Мы столько раз поднимались и спускались по тропе-убийце, что я могла пройти по ней с закрытыми глазами. Этой дорогой мы ходили в школу, на пристань и в деревню. На самом деле она называлась Кегмиллер-роуд, но мы прозвали её тропой-убийцей из-за крутизны. Другими её отличительными особенностями были крапива, колючие заросли ежевики, коровьи лепёшки и рытвины, а чтобы добраться до этой тропы, нужно было пересечь изрезанное бороздами поле, на котором пасся страшный бык по имени Алан.

Но я так радовалась походу в ресторан, что мне казалось, дорога выложена сахарной ватой. Я чуть ли не бежала вприпрыжку. Всего за несколько минут мы поднялись на холм и стали медленно спускаться в деревню.

– Как тихо, – проговорил папа. – Даже птицы смолкли.

Действительно. Вокруг повисло тягостное безмолвие. Ни с того ни с сего заложило уши, и, судя по тому, как Бёрди тёрла свои уши и морщилась от боли, не только у меня. А когда мы спустились на Харбор-стрит, заполненную людьми, наслаждавшимися холодным зимним солнцем, все привычные уличные звуки показались приглушёнными. Даже чайки и скрипящие мачты лодок, которые создавали довольно шумное музыкальное сопровождение во время каждой прогулки на пристань, стихли.

Будто Клиффстоунс затаил дыхание.

Мы зашли в ресторан.

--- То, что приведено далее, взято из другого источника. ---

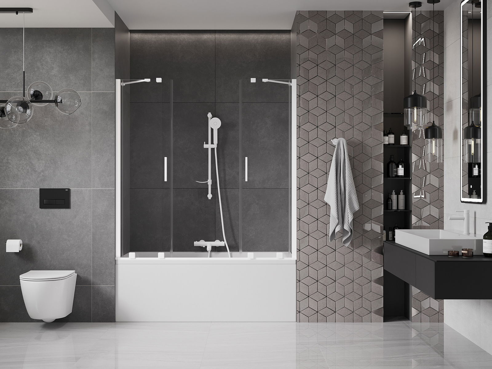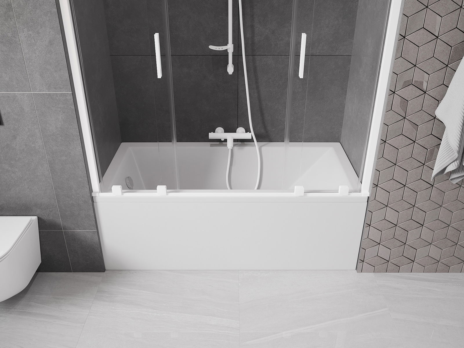 Mexen Velar Duo vonios sienelė 2 sparnų stumdoma 140 x 150 cm, permatoma, balta - 896-140-000-02-20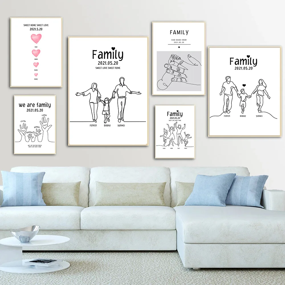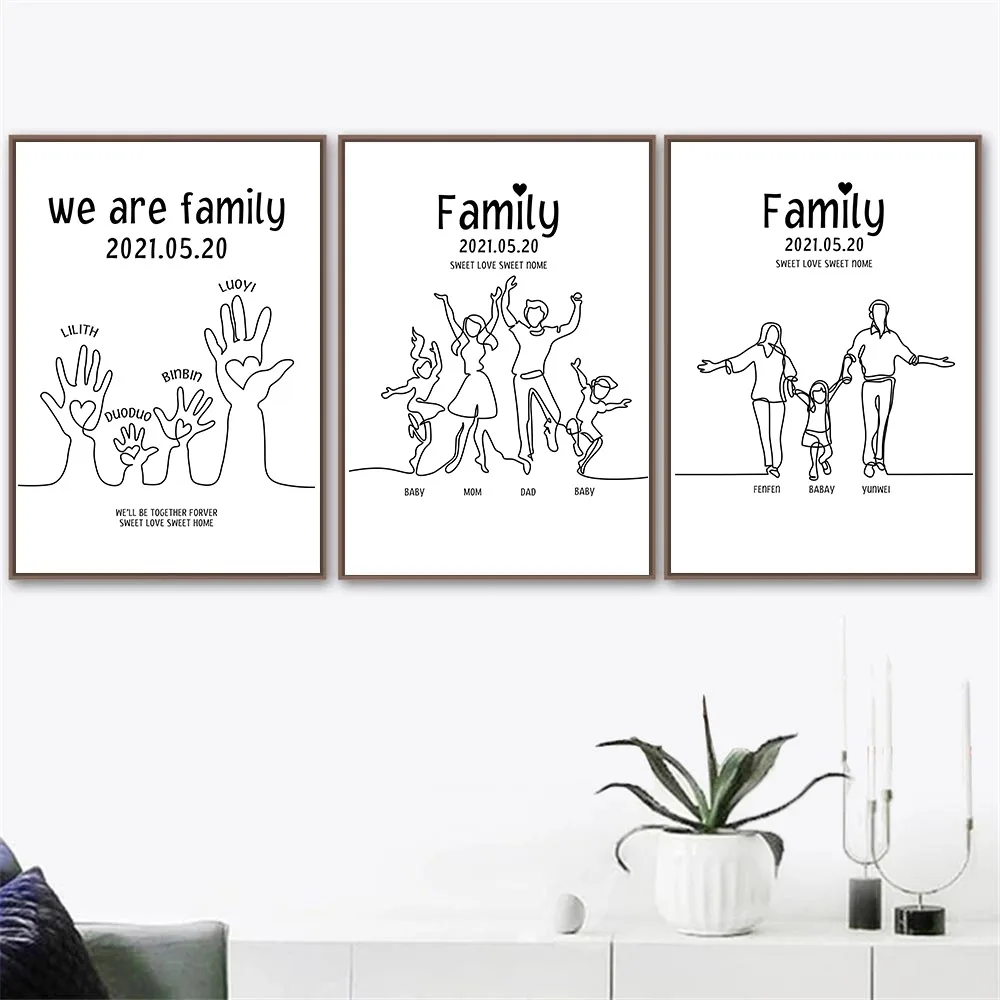 Семейный портрет, принт, Папа, мама, ребенок, линия, настенный худо...

Остальные уже сидели за столиком возле окна.

– Ты пришла! – сказала Айви, обнимая меня.

– Конечно.

Через плечо Айви я широко улыбнулась Тее Трабвелл, постаравшись растянуть рот до ушей, а в ответ получила озадаченный взгляд. Что, не получилось мило провести время вдвоём, как ты планировала, да, Трабвелл?

– Простите, у нас темновато, – сказал официант, забирая наши пальто. – Электричество отключили.

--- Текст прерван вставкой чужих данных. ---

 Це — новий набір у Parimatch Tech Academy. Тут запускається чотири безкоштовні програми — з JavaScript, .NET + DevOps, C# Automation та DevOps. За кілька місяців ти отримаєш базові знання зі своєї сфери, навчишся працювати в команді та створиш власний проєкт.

– Да что вы говорите? – удивилась мама.

– Не волнуйтесь, – добавил он. – Через минуту всё заработает.

– Главное, чтобы «Просекко» было холодным, – улыбнулась она.

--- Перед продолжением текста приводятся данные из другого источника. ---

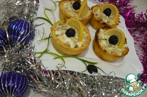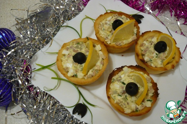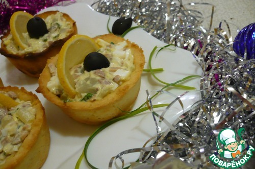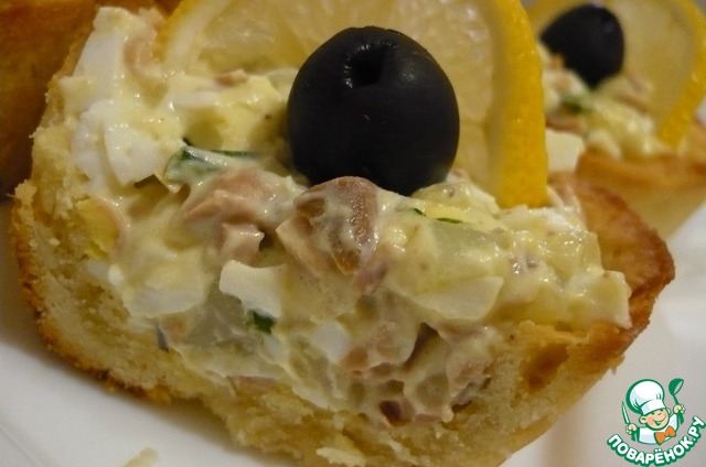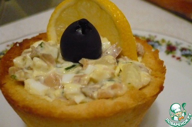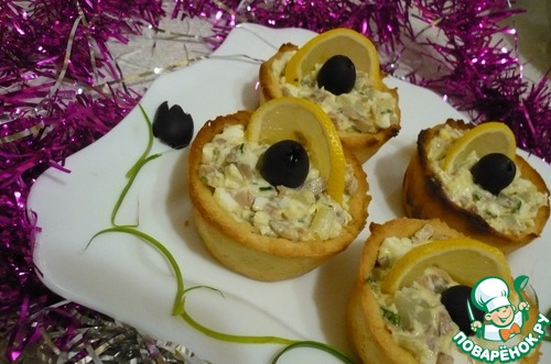 Теперь украшаем. В серединку вставляем маслину и половинку лимона.

На улице возле портового мола залаял маленький белый терьер.

– Море сегодня необычное, вам не кажется? – сказал папа, усаживаясь на свой стул.

Лай становился всё отчаяннее. Пёсик нарезал бешеные круги, затем рычал на море. Подросток, который держал поводок, никак не мог взять в толк, что творится с его собакой.

– Да, – сказала миссис Трабвелл. – Такое гладкое.

– Слышали про землетрясение? – спросил кто-то. – Вроде во Франции?

– Только заголовок видел, – пожал плечами папа. – Не думал, что это так…

– Да. Совсем недалеко от нас, буквально в двух шагах.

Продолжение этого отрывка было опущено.